→ Work instructions: Transcribe all the lines below exactly. Omit the pictures.

→ Raw data:
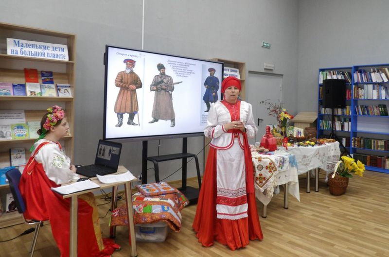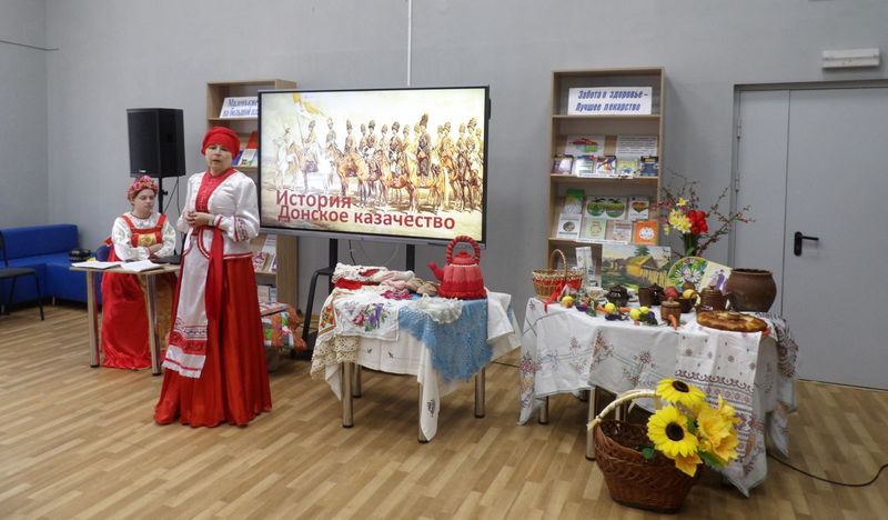 В рамках акции «Библионочь» для гостей была проведена лекция «Казачество как часть многонационального единства России». В своем выступлении Инна Викторовна Саханина подробно рассказала о жизни донских казаков и их многовековых, православных традициях, поделилась интересными деталями о семейной жизни в казачьей среде, осветила вопросы воспитания молодых казачат и подробно остановилась на традициях воспитания девушек из казачьих семей.
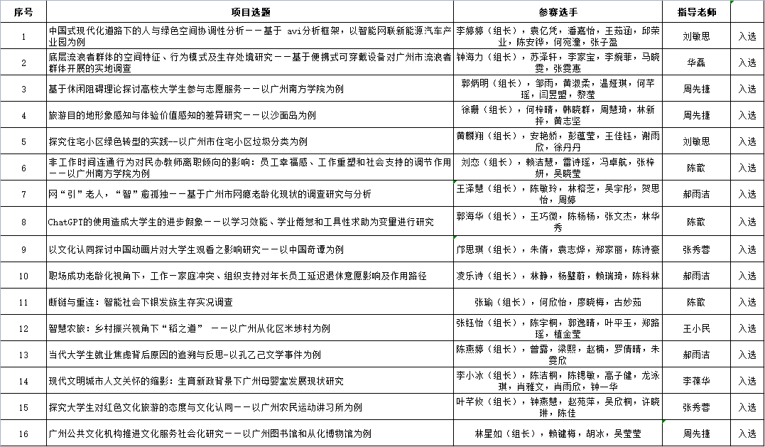 我们于2023年5月25日收到并提交参赛调研策划书。6月1日,评委对参赛项目进行评审。评审老师以参赛小组题目的合理性、选题的根据以及研究方法为主要评判依据,最终确认16个项目进入初赛,现将通过初赛的初审结果进行公示。
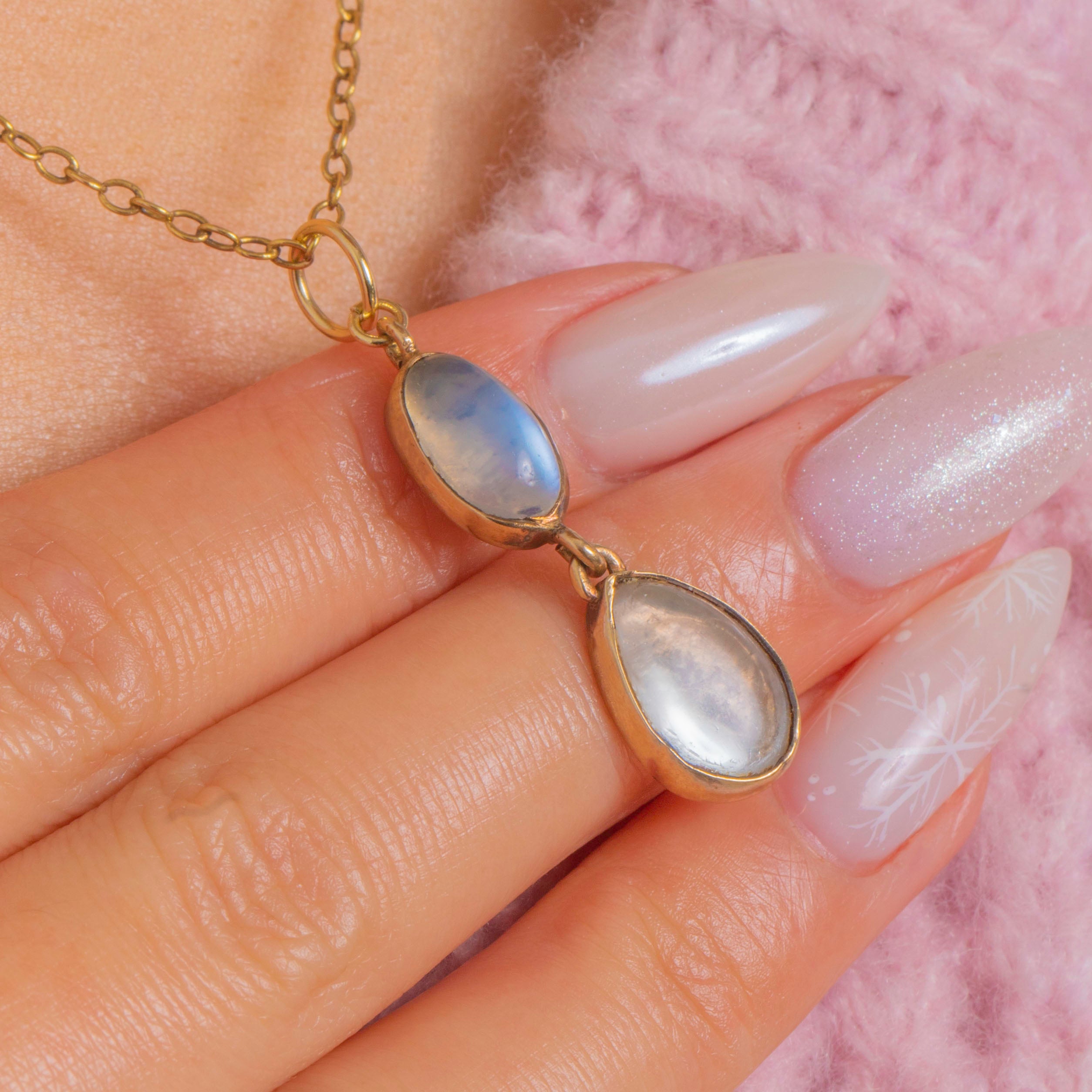 9ct Gold Foiled Moonstone Double Drop Pendant

→ The completed task:
 В рамках акции «Библионочь» для гостей была проведена лекция «Казачество как часть многонационального единства России». В своем выступлении Инна Викторовна Саханина подробно рассказала о жизни донских казаков и их многовековых, православных традициях, поделилась интересными деталями о семейной жизни в казачьей среде, осветила вопросы воспитания молодых казачат и подробно остановилась на традициях воспитания девушек из казачьих семей.
 我们于2023年5月25日收到并提交参赛调研策划书。6月1日,评委对参赛项目进行评审。评审老师以参赛小组题目的合理性、选题的根据以及研究方法为主要评判依据,最终确认16个项目进入初赛,现将通过初赛的初审结果进行公示。
 9ct Gold Foiled Moonstone Double Drop Pendant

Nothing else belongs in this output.